How to find the value of $\lim_{n\to\infty}S(n)$, where $S(n)$ is given by $$S(n)=\displaystyle\sum_{k=1}^{n} \dfrac{k}{n^2+k^2}$$
Wolfram alpha is unable to calculate it.
This is a question from a questions booklet, and the options for the answer are--
$\begin{align} &A) \dfrac{\pi}{2} \\ &B) \log 2 \\ &C) \dfrac{\pi}{4} \\ &D) \dfrac{1}{2} \log 2 \end{align}$
On
You could get away with a simple estimate of the expected range of the limit:
With $S_1(n)=\sum_{k=1}^{n}\frac{k}{n^2+n^2}$ and $S_2(n)=\sum_{k=1}^{n}\frac{k}{n^2}$, we have $$S_1(n)<S(n)<S_2(n)$$ The limits for $S_1$ and $S_2$ are $$\lim_{n\rightarrow\infty}S_1(n)=\lim_{n\rightarrow\infty}\frac{1}{2n^2}\sum_{k=1}^nk=\lim_{n\rightarrow\infty}\frac{1}{2n^2}\frac{n^2-n}{2}=\frac{1}{4}$$ $$\lim_{n\rightarrow\infty}S_2(n)=\lim_{n\rightarrow\infty}\frac{1}{n^2}\sum_{k=1}^nk=\lim_{n\rightarrow\infty}\frac{1}{n^2}\frac{n^2-n}{2}=\frac{1}{2}$$ So we know that $$\frac{1}{4}<\lim_{n\rightarrow\infty}S(n)<\frac{1}{2}.$$ Out of the given answers, that leaves only $\frac{1}{2}\log2$.

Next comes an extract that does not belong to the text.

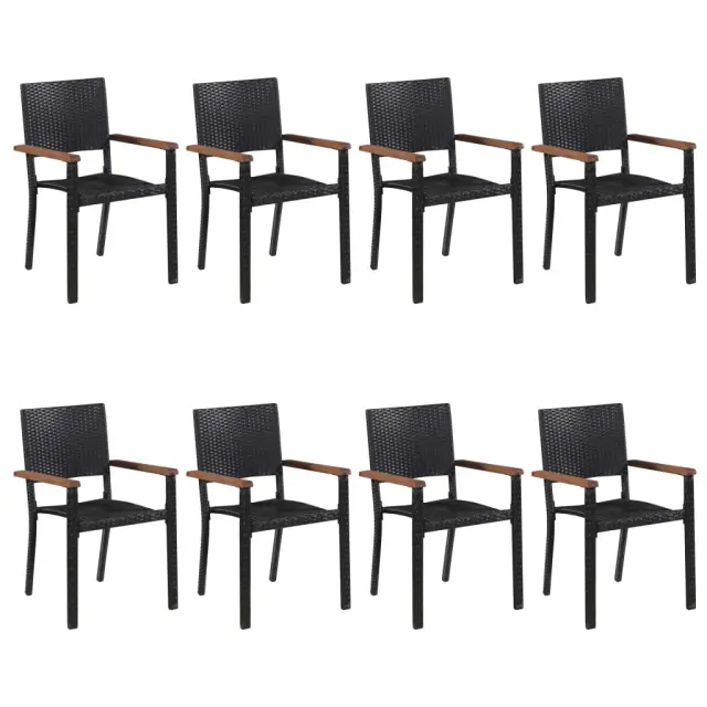 S to vrtno jedilno garnituro lahko ustvarite privlačen in prijeten zunanji prostor! Jedilna miza je izdelana iz trdnega akacijevega lesa z oljnim premazom, zato je stabilna, vzdržljiva in preprosta za vzdrževanje. Jedilni stoli imajo prašno premazan jeklen okvir, ki je oblečen v vremensko odporen PE ratan, zato so trdni in preprosti za čiščenje. Pomembna opomba: Če želite, da vam bo jedilna garnitura služila še dolgo, priporočamo, da jo v primeru dežja, snega ali zmrzali pokrijete.Miza:Material: Trden akacijev les z oljnim premazomDimenzije: 200 x 90 x 74 cm (D x Š x V)Stol:Barva: Rjava in črnaMaterial: PE (polietilen) ratan, jeklo s prašnim premazom, trden akacijev lesDimenzije: 56 x 55 x 88 cm (Š x G x V)Širina sedeža: 46 cmGlobina sedeža: 46 cmVišina sedeža, merjena od tal: 46 cmVišina naslonjala za roke od tal: 65 cmPotrebno sestavljanje: DaPaket vsebuje:1 x Miza8 x Stol 3067902

Clearly, \begin{align} \lim_{n\to\infty}\sum_{k=1}^n\frac{k}{n^2+k^2} &=\lim_{n\to\infty}\frac{1}{n}\sum_{k=1}^n\frac{\frac{k}{n}}{1+\frac{k^2}{n^2}} \stackrel{\text{Riemann sum}}\longrightarrow \int_0^1 \frac{x\,dx}{1+x^2}=\left.\frac{1}{2}\log (1+x^2)\right|_0^1\\ &=\frac{1}{2}\log 2. \end{align}